2. The implant according to claim 1, wherein the flap portions are thinner than the main portion.
3. The implant according to claim 2, wherein the flap portions are evenly spaced around the periphery of the diaphragm.
4. The implant according to claim 3, wherein the main portion has a diameter of between about 11 and 13 mm, and the opening has a diameter of about 3 to 4 mm.
5. The implant according to claim 4, wherein the main portion has a vault height of about 0.4-0.6 mm.
6. The implant according to claim 5, wherein the main portion has a vault height of about 0.5 mm.
7. The implant according to claim 5, wherein the main portion has a thickness of about 0.15-0.17 mm and each of the flap portions is thinner than the main portion.
8. The implant according to claim 7, wherein each of the flap portions has a thickness of about 0.10-0.14 mm.
9. The implant according to claim 7, wherein the flap portions are semicircular in shape.
10. The implant according to claim 9, wherein the flap means comprise six evenly spaced flap portions.
11. The implant according to claim 10, wherein the material is silicone.
12. The implant according to claim 1, wherein the main portion tapers toward the periphery such that a second portion of the main portion adjacent the periphery is thinner than a first portion of the main portion adjacent the round opening.
13. The implant according to claim 12, wherein the flap portions are thinner than the second portion of the main portion.
14. A method for inserting and positioning an implant into the eye of a patient, the method comprising:
(a) providing the implant of claim 1;
(b) inserting the implant into the anterior chamber of the eye and positioning the flap portions at the angle recess with the main portion of the diaphragm covering the natural iris of the patient and with the opening being aligned with the pupil of the patient.
15. A method for inserting and positioning an implant into the eye of a patient, the method comprising:
(a) providing the implant of claim 1;
(b) inserting the implant into the anterior chamber of the eye and positioning the flap portions at the angle recess with the main portion of the diaphragm covering the natural iris of the patient and with the opening being aligned with the pupil of the patient.
16. A method for inserting and positioning an implant into the eye of a patient, the method comprising:
(a) providing the implant of claim 2;
(b) inserting the implant into the anterior chamber of the eye and positioning the flap portions at the angle recess with the main portion of the diaphragm covering the natural iris of the patient and with the opening being aligned with the pupil of the patient.
17. A method for inserting and positioning an implant into the eye of a patient, the method comprising:
(a) providing the implant of claim 3;
(b) inserting the implant into the anterior chamber of the eye and positioning the flap portions at the angle recess with the main portion of the diaphragm covering the natural iris of the patient and with the opening being aligned with the pupil of the patient.
18. A method for inserting and positioning an implant into the eye of a patient, the method comprising:
(a) providing the implant of claim 7;
(b) inserting the implant into the anterior chamber of the eye and positioning the flap portions at the angle recess with the main portion of the diaphragm covering the natural iris of the patient and with the opening being aligned with the pupil of the patient.
19. A method for inserting and positioning an implant into the eye of a patient, the method comprising:
(a) providing the implant of claim 9;
(b) inserting the implant into the anterior chamber of the eye and positioning the flap portions at the angle recess with the main portion of the diaphragm covering the natural iris of the patient and with the opening being aligned with the pupil of the patient.
Description
FIELD OF THE INVENTION

[0001] The present invention relates to eye implants and particularly to artificial iris implants and the method of using such implants. The present invention solves the need that exists to provide a natural cosmetic iris and pupil appearance in patients suffering from coloboma of the iris. Even if the natural iris is intact, it will be unaffected by the artificial iris of the present invention. The artificial iris of the present invention can also be used for cosmetic reasons, allowing altering of the appearance of the eye without the limitations of traditional contact lenses.

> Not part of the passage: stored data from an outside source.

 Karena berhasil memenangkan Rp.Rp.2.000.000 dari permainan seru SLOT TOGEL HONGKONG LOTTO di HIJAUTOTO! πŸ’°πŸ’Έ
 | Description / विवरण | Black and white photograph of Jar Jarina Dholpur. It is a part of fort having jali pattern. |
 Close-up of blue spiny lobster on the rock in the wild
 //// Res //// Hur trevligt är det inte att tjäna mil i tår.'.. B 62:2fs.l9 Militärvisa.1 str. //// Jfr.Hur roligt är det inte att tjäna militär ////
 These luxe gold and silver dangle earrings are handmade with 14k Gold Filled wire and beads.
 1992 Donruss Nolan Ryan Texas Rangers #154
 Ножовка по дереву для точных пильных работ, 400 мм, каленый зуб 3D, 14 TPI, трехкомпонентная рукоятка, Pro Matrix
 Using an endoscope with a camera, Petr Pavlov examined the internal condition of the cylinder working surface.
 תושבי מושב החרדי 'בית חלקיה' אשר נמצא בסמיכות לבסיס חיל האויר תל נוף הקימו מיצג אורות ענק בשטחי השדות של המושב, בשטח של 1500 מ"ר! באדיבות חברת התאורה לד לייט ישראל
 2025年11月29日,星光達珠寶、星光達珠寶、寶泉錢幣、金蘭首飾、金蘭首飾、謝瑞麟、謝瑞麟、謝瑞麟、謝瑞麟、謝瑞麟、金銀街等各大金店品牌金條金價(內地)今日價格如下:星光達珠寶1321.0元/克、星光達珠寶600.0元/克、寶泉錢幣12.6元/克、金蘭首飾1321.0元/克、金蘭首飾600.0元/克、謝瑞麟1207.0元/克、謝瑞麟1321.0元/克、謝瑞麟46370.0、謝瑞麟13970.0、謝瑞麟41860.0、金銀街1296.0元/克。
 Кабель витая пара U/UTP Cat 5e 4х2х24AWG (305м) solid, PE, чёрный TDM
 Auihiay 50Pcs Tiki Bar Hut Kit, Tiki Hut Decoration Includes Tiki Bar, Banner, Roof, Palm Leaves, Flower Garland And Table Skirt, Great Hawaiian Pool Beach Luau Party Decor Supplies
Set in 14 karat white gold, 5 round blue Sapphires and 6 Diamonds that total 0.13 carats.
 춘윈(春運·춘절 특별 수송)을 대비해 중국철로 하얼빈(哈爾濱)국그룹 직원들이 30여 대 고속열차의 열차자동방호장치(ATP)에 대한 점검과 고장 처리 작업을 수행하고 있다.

BACKGROUND OF THE INVENTION

[0002] The human eye is a complex optical system. Vision begins when light enters the eye through the cornea, the front clear “window” of the eye responsible for focusing light rays to the back of the eye. From there, it travels through clear aqueous fluid, and passes through a small aperture in the iris, the colored structure which rests behind the cornea and in front of the natural lens. The opening in the center of the iris is the pupil. The iris acts like a camera shutter and controls the amount of light that enters the eye. As muscles in the iris relax or constrict, the pupil changes size to adjust the amount of light entering the eye. Light rays are focused through the lens and proceed through a clear jelly-like substance in the center of the eye called vitreous, which gives it form and shape. When light rays finally land on the retina, the part of the eye similar to film in a camera, they form an upside-down image. The retina contains millions of photo-receptor cells which convert light into images. The retina converts the image into an electrical impulse that travels along the optic nerve to the brain, where it is interpreted as an upright image.

[0003] Usually resulting from unexplained birth defects, coloboma describes a situation where a portion of the structure of the eye is lacking. This gap can occur in a range of areas and can be large or small. It can appear as a black notch of varying depth at the edge of the pupil, giving the pupil an irregular shape. The most common form of gap is caused by an imperfect closure of a cleft, present in the womb but usually closed by birth date. This gap can occur in the eyelid, iris, lens, choroid or optic disc. This does not mean that there is a hole in the eye, just that certain structures within the eye do not fully form. Coloboma of the iris may sometimes give the appearance of a keyhole in the pupil.

[0004] Attempts have been made to address the problems affecting patients suffering from coloboma of the iris by providing iris reconstruction implants. However, the implants of the prior art have been complicated multiple-piece lens which are cumbersome and uncomfortable. The methods of implantation have required complicated implantation techniques. Certain of these implants and methods are discussed next.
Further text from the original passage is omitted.